It's not that the uevent is not sent to the agent. If I remove the waiting and ignore UpdateInterface error, the device shows up very quickly and the uevent listening goroutine is able to pick up uevents for it. So it's like the goroutine is not woke up when agent is waiting in UpdateInterface call. But I don't know why that is happening.

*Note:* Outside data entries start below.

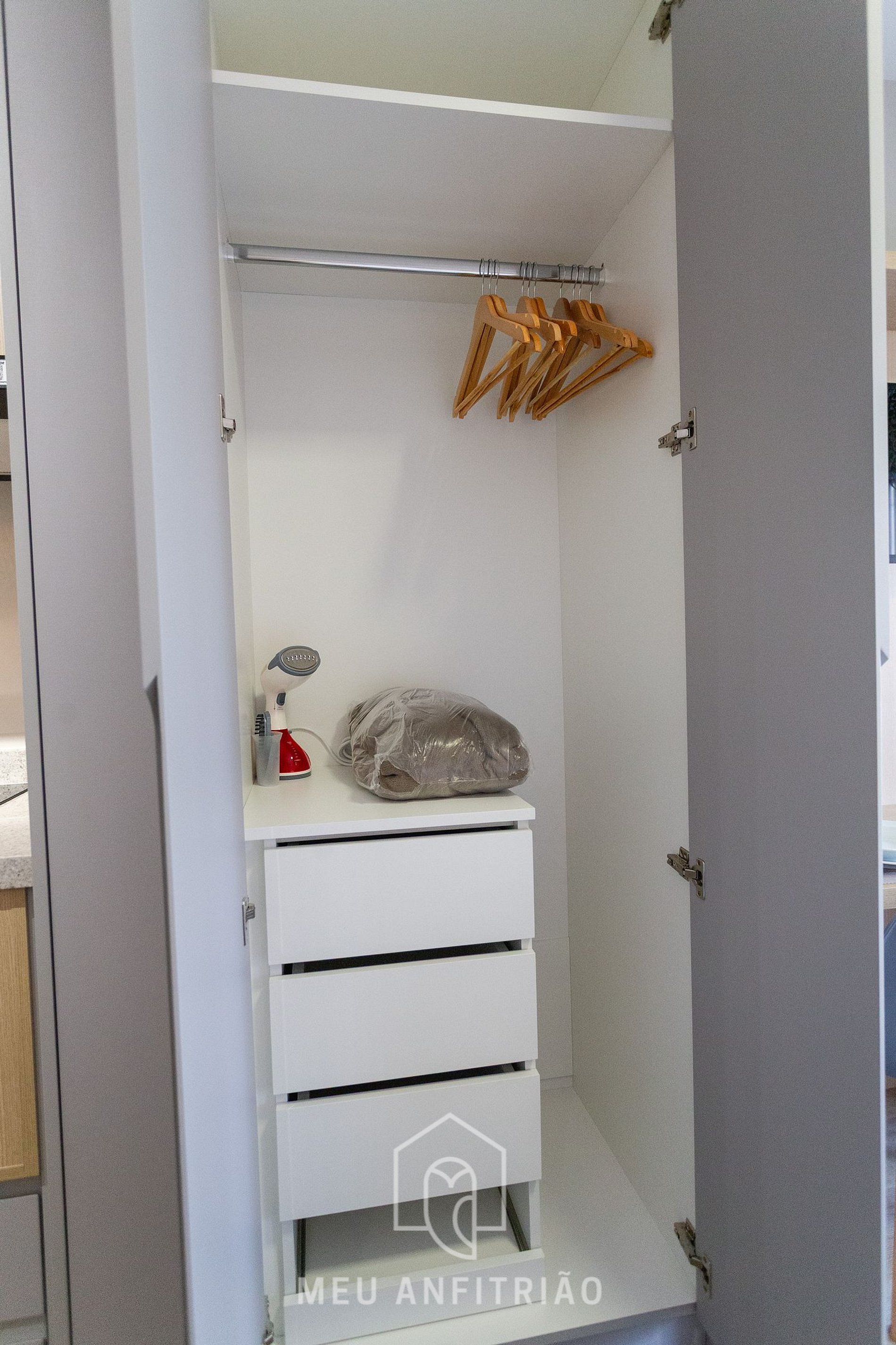 Ao entrar, o hóspede terá acesso à cozinha, que conta com geladeira, fogão cooktop, microondas, sanduicheira, liquidificador, cafeteira elétrica entre outros. A varanda conta com persianas blackout e uma vista para a rua.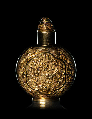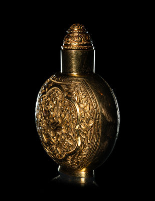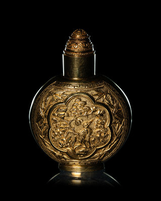 近代 22K金鏨花鳥圖鼻烟壺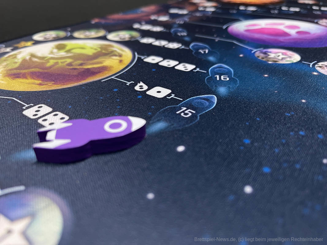 Die gesamte Qualität des Spielmaterials ist für den Preis von ca. 35 Euro top. Die Spielschachtel ist stabil, auf das Nötigste reduziert und mit einem Inlay versehen. Die Spielmatte ist wunderschön bedruckt, geruchsneutral und hat einen genähten Rand für eine lange Lebensdauer. Alle Marker haben eine vernünftige Kartonstärke und die Rakete und das Ufo sind sogar aus Holz.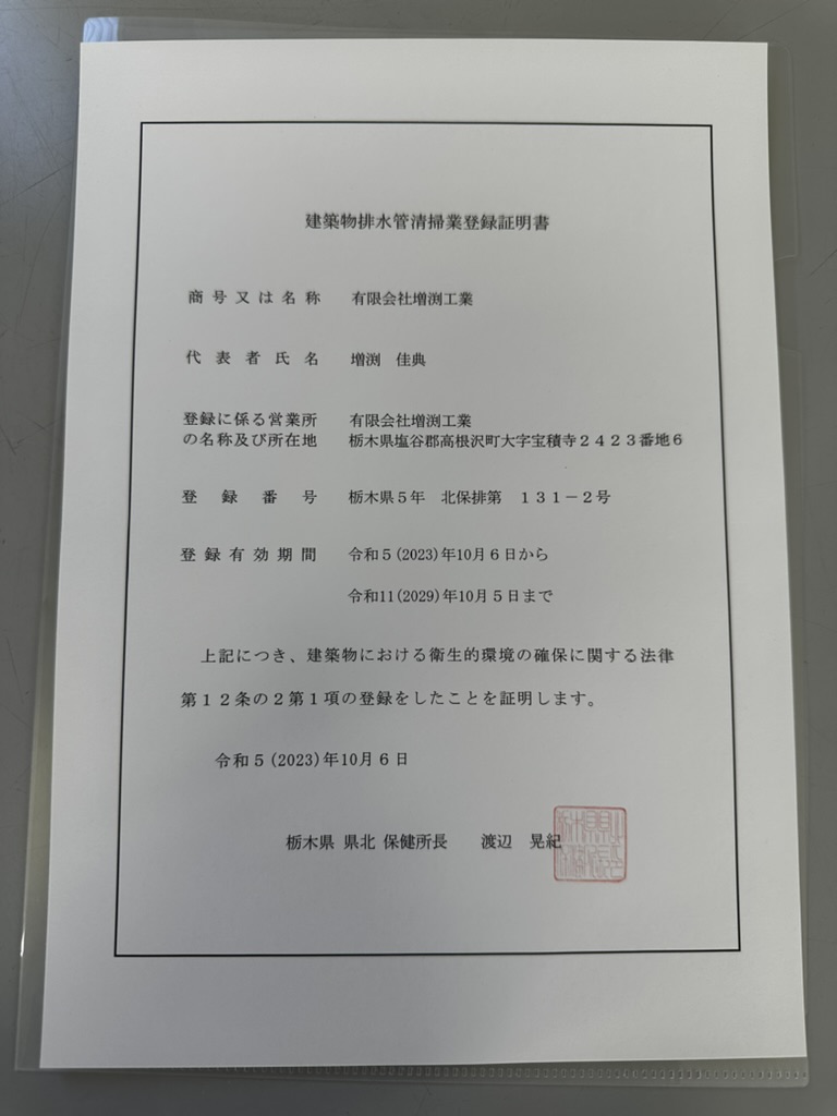 排水管清掃において、県知事の登録を受けております(建築物排水管清掃業登録証 登録番号 栃木県5年北保排第 131ー2号)。これにより、セキュリティと法的要件への信頼性を確保しています。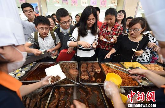 5月8日,由南京多所高校参与的“高校美食联展”暨东南大学第二届美食文化节在东南大学四牌楼校区沙塘园食堂举行,参与高校精心挑选了属于自己学校特色的美食近50个品种供师生挑选,南京农业大学的南农烧鸡、南京航空航天大学的石榴鸡、南京理工大学的荷香南乳鸡等特色美食集中亮相,为大学生们送上色香味俱全的美食盛宴。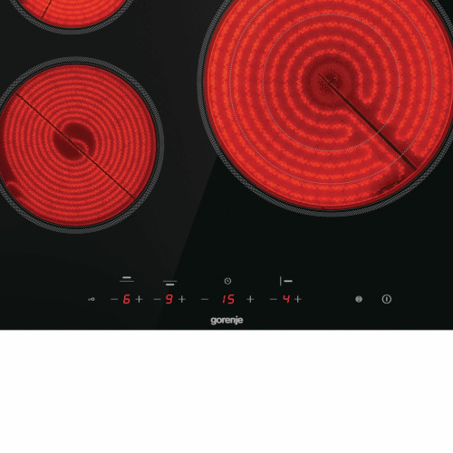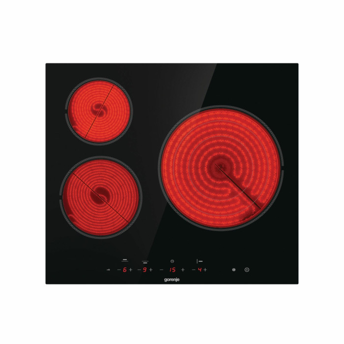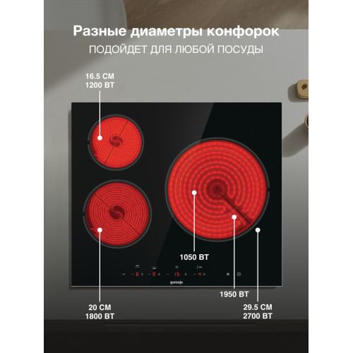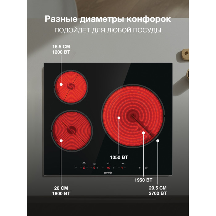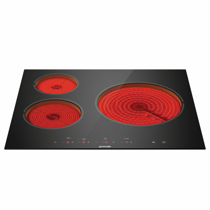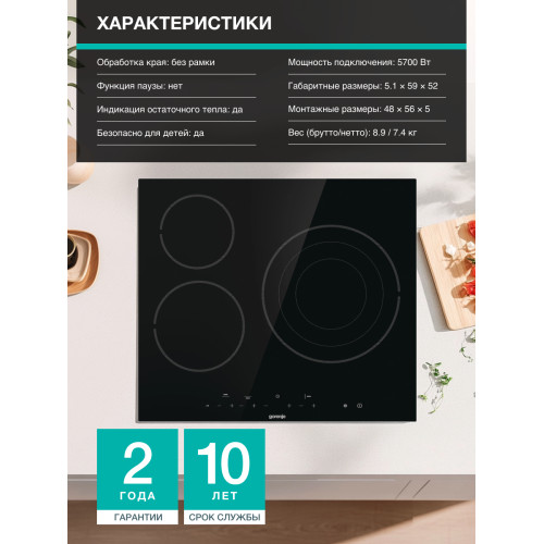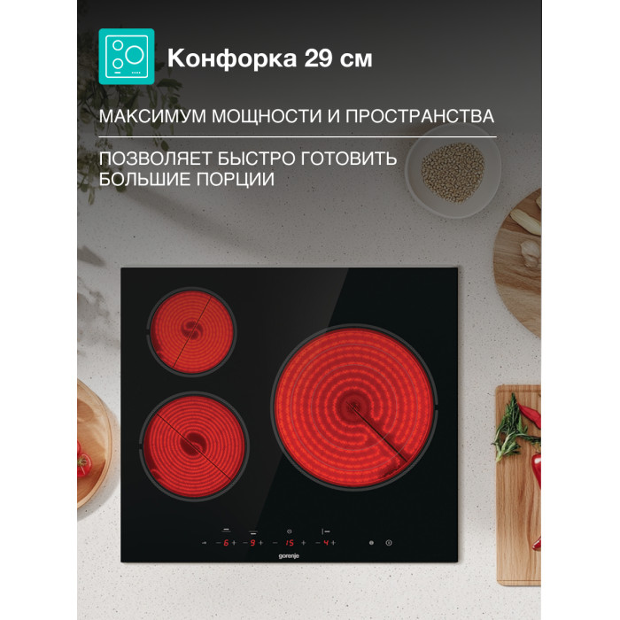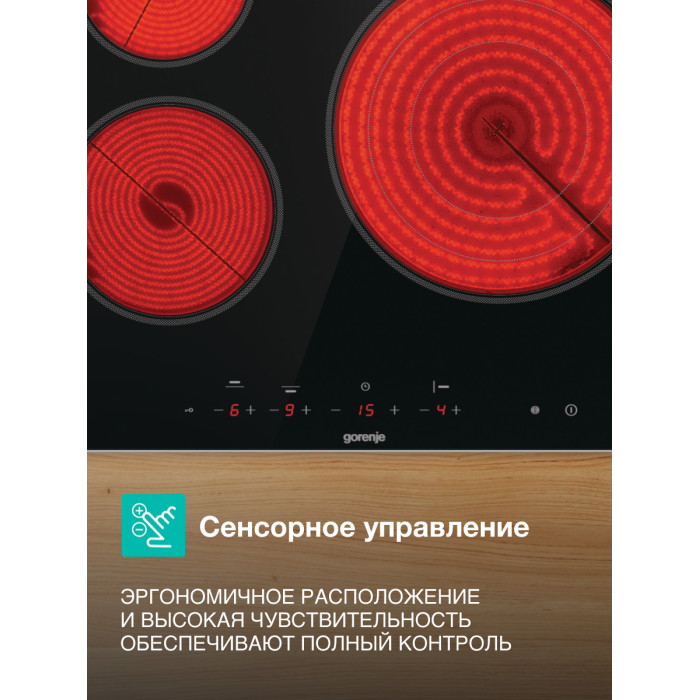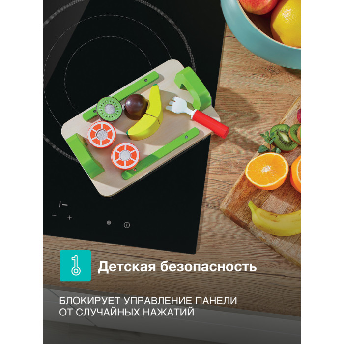 защитное отключение конфорок, индикатор остаточного тепла, кнопка блокировки панели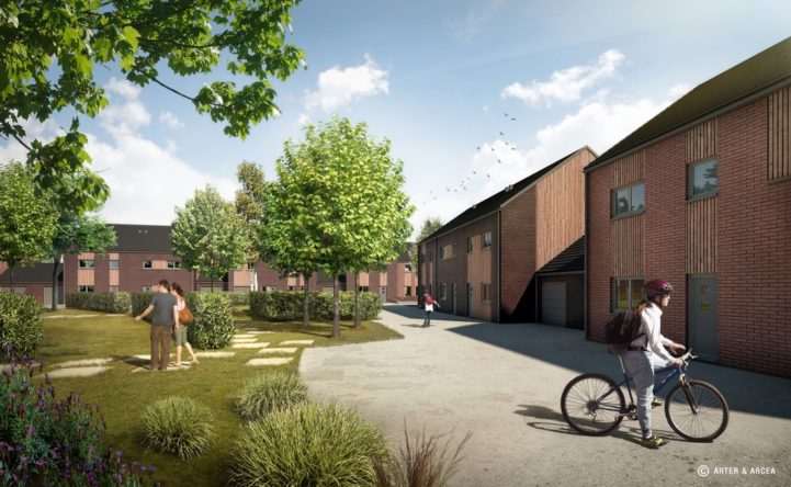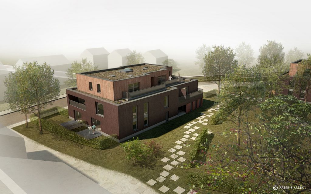 The project is a residential district with two apartment buildings with 11 apartments each and 16 Zero Energy houses surrounding a commong green area.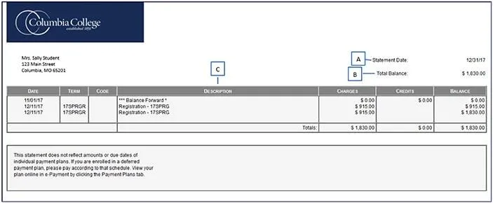 Statements are issued monthly to show students all account activity that has occurred for a specified period of time. The information listed below corresponds to the legend on the sample statement.

Also since netmon works in @sboeuf 's local environment, I put up a testing PR (https://github.com/kata-containers/tests/pull/743) to get a baseline for environment comparison. And it turns out that two times out of three, it failed on getting the IP of new hotplugged nic. So the failure/success do not seem constant even for CI.

It's not clear to me what has caused the failure/success. @sboeuf @devimc @amshinde @caoruidong help to take a look.

amshinde commented 6 years ago

@bergwolf I'll take a look at this.

amshinde commented 6 years ago

@bergwolf I have not been able to to reproduce this issue at all on my local setup. Looks like the device gets hotplugged well in advance on my setup. I havent had any luck reproducing this on an Azure instance while running the test for 10 min. I'll try to reproduce this issue on Azure tomorrow. I dont think it should matter, but can you let me know what rootfs (and other environement) you were using for your tests?

Meanwhile, I had a look at the changes for uevent and I think change this could be causing the uevent listening loop to be locked permanently: https://github.com/kata-containers/agent/blob/7caf1c8bd9ebad9ab6631e1839d62c8c98ed7d8a/device.go#L125-L132

With that change the sandbox lock is never released. I have pushed a revert for it here: https://github.com/kata-containers/agent/pull/375 Can you test with that and let me know. Meanwhile I will continue testing tomorrow, to see if there is any other issue related to network hotplug uevents.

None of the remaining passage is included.